Give again, word for word, the lines below that run from the line with "1-1/6 Ctw. Cognac" through the line with "Figure 9 shows". Drop the pictures.

## [Data supplied]
== Segment start ==

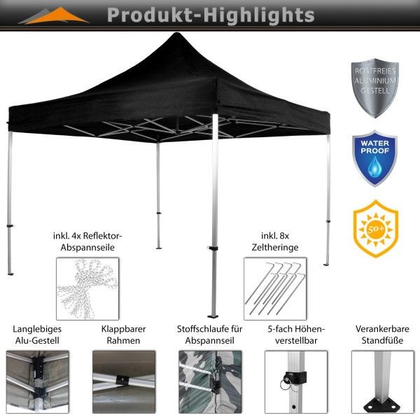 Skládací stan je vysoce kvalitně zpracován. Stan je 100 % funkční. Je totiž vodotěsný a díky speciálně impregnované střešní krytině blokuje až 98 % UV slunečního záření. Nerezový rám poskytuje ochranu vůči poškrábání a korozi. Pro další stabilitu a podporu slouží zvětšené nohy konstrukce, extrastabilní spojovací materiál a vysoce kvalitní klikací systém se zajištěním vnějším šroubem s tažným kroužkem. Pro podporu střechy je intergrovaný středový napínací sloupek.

== Segment end ==
== Segment start ==

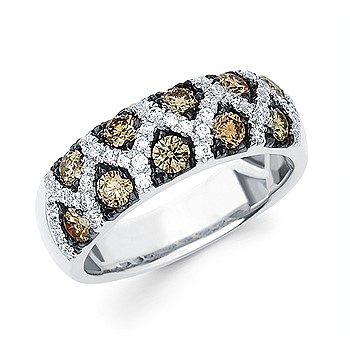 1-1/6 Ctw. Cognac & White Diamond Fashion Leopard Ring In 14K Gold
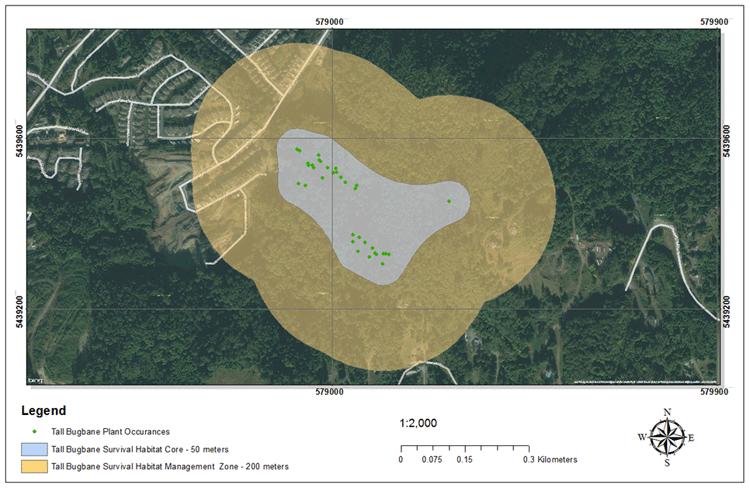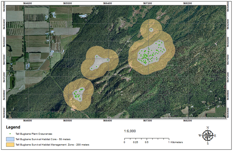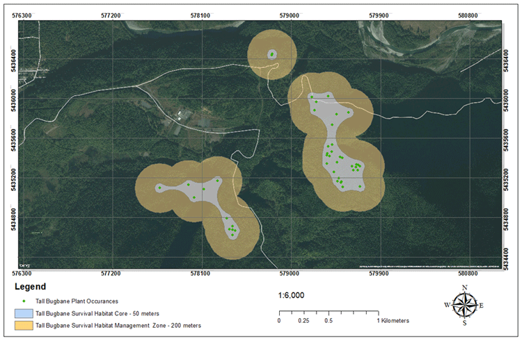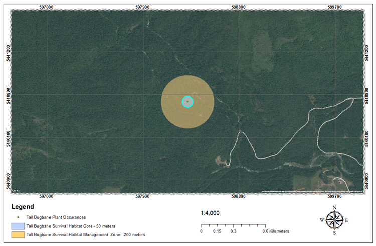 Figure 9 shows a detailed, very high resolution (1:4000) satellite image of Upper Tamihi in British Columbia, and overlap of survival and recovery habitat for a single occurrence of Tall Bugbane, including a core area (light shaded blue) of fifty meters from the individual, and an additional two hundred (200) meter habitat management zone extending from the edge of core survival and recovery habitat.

== Segment end ==
== Segment start ==

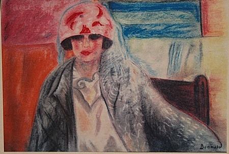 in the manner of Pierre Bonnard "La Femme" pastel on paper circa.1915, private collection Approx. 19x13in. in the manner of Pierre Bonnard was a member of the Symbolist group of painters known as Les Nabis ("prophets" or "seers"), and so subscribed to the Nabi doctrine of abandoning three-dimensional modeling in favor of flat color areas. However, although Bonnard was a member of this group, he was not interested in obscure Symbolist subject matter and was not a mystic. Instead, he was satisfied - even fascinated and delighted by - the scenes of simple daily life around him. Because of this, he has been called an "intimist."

== Segment end ==

## [Answer to the exercise]
 1-1/6 Ctw. Cognac & White Diamond Fashion Leopard Ring In 14K Gold
 Figure 9 shows a detailed, very high resolution (1:4000) satellite image of Upper Tamihi in British Columbia, and overlap of survival and recovery habitat for a single occurrence of Tall Bugbane, including a core area (light shaded blue) of fifty meters from the individual, and an additional two hundred (200) meter habitat management zone extending from the edge of core survival and recovery habitat.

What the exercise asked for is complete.